A ce mot répondit un sanglot de la marquise.
—Eh! ne pleurez donc pas, reprit la vivandière, puisque je vous dis que ce mort-là est peut-être aussi vivant que vous et moi.
—Oh! par grâce, achevez.
—Je ne suis là que pour ça. Dès que j'ai eu connaissance du fameux duel et de sa terminaison: «Mets ton bonnet, Bavette,» que j'ai vite glissé à l'oreille de cette petite-là. Et nous voilà parties. J'avais mon idée. Nous arrivons à votre hôtel, où que je demande tout doucement M. Joseph, qui me connaissait bien. Plus d'une fois, il m'avait apporté, de la part de son maître, de petits cadeaux pour Bavette, que votre pauvre ami aimait bien. Il paraît même que ça lui faisait de la peine que vous ne lui ayez pas donné une petite Bavette.
M. Joseph vient. Il était tout en larmes.
—Ah! mon Dieu! que je me dis, c'est donc bien vrai pour lors!

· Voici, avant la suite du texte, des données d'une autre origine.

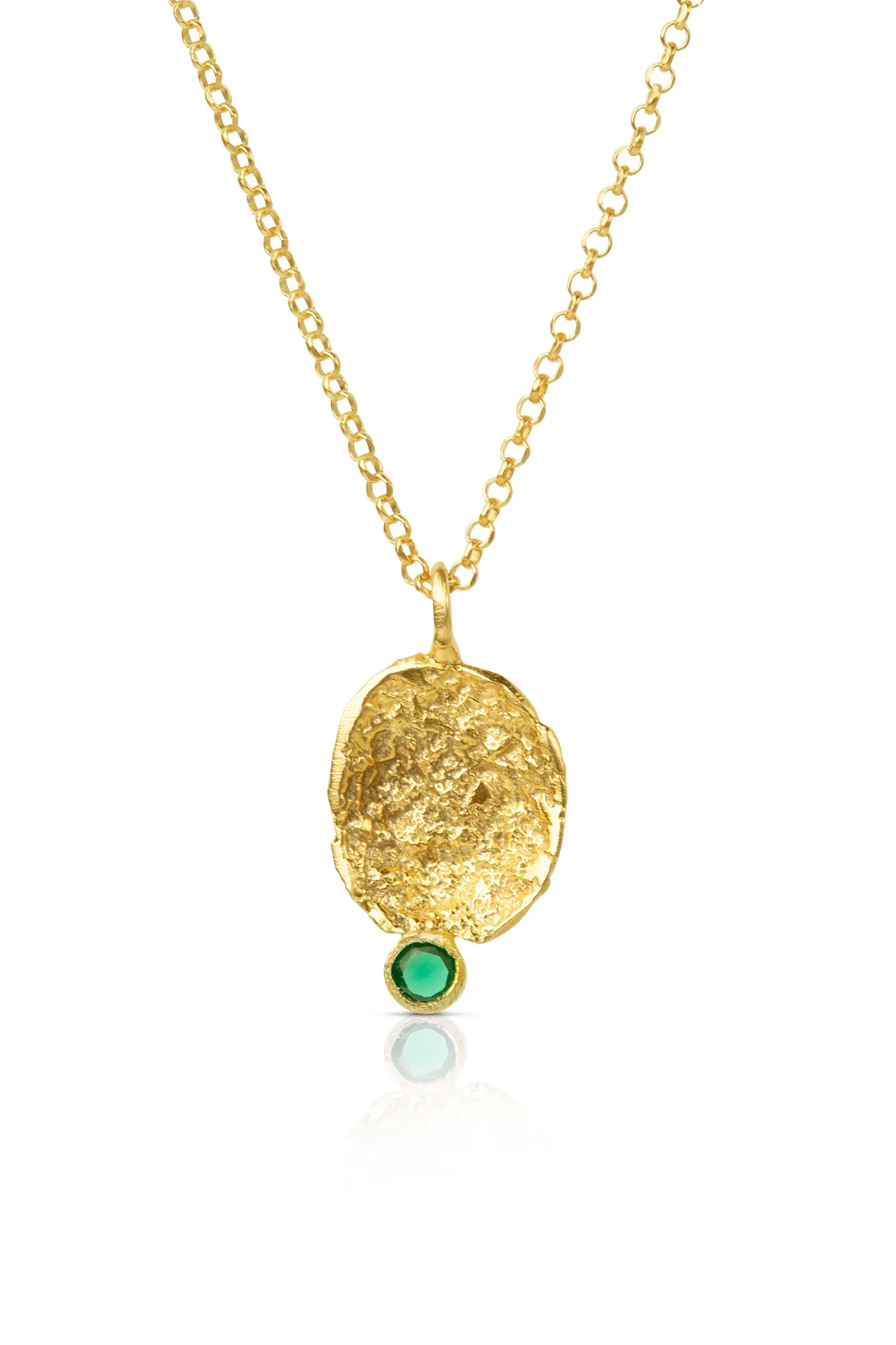 Χειροποίητο Οβάλ Επίχρυσο Ασημένιο Κολιέ με Πράσινο Ζιργκόν

Il me raconte tout. Comme quoi, vous aviez été enlevée par le vieux singe qui est le seigneur d'ici; comme quoi, il a enterré tout seul avec Tony son pauvre défunt maître.
Naturellement je pleure avec lui, et puis une idée me vient. Vous allez comprendre ça, ma bonne dame.
Sur mon père et sur ma mère, qui étaient de braves gens, je vous jure que je n'avais jamais révélé à cette petite-là le secret de sa naissance. Non. Son père vivait. On ne compromet pas comme ça les gens qui sont au-dessus de vous.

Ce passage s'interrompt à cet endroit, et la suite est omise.